About this task: Transcribe each entry below exactly. Pictures do not go in the copy.

Records provided:
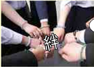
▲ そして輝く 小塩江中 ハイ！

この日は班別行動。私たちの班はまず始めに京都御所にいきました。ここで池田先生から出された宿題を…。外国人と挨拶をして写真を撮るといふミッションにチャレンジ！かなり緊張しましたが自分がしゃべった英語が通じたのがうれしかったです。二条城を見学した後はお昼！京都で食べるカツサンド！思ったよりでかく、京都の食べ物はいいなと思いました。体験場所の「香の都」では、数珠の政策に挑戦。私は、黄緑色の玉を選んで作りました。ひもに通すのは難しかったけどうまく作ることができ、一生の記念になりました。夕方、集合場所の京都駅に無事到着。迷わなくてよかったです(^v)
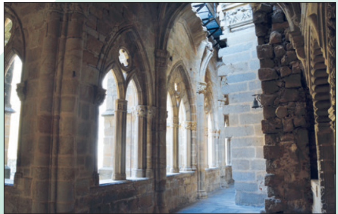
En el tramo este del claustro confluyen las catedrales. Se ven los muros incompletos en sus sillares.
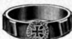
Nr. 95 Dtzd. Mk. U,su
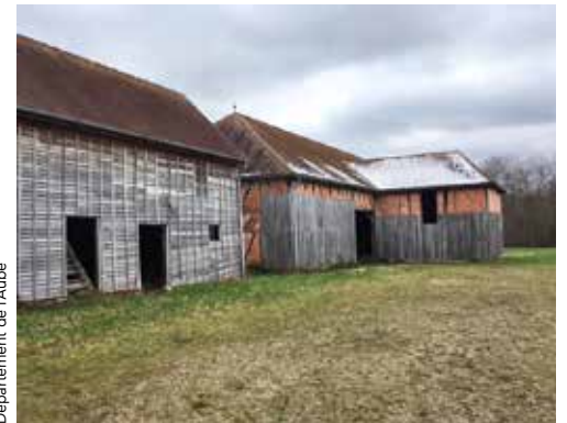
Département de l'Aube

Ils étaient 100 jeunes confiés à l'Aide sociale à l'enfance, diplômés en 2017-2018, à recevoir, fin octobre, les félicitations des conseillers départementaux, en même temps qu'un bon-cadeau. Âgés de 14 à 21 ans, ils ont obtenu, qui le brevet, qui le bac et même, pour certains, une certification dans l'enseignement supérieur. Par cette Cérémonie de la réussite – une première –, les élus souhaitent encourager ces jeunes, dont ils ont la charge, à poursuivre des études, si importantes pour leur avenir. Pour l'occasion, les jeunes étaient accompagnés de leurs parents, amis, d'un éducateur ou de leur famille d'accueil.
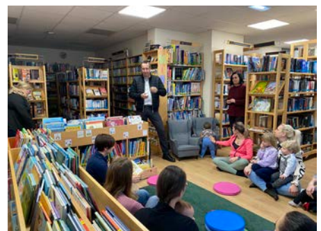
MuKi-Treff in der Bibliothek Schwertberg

Response:
▲ そして輝く 小塩江中 ハイ！

この日は班別行動。私たちの班はまず始めに京都御所にいきました。ここで池田先生から出された宿題を…。外国人と挨拶をして写真を撮るといふミッションにチャレンジ！かなり緊張しましたが自分がしゃべった英語が通じたのがうれしかったです。二条城を見学した後はお昼！京都で食べるカツサンド！思ったよりでかく、京都の食べ物はいいなと思いました。体験場所の「香の都」では、数珠の政策に挑戦。私は、黄緑色の玉を選んで作りました。ひもに通すのは難しかったけどうまく作ることができ、一生の記念になりました。夕方、集合場所の京都駅に無事到着。迷わなくてよかったです(^v)
En el tramo este del claustro confluyen las catedrales. Se ven los muros incompletos en sus sillares.
Nr. 95 Dtzd. Mk. U,su
Département de l'Aube

Ils étaient 100 jeunes confiés à l'Aide sociale à l'enfance, diplômés en 2017-2018, à recevoir, fin octobre, les félicitations des conseillers départementaux, en même temps qu'un bon-cadeau. Âgés de 14 à 21 ans, ils ont obtenu, qui le brevet, qui le bac et même, pour certains, une certification dans l'enseignement supérieur. Par cette Cérémonie de la réussite – une première –, les élus souhaitent encourager ces jeunes, dont ils ont la charge, à poursuivre des études, si importantes pour leur avenir. Pour l'occasion, les jeunes étaient accompagnés de leurs parents, amis, d'un éducateur ou de leur famille d'accueil.
MuKi-Treff in der Bibliothek Schwertberg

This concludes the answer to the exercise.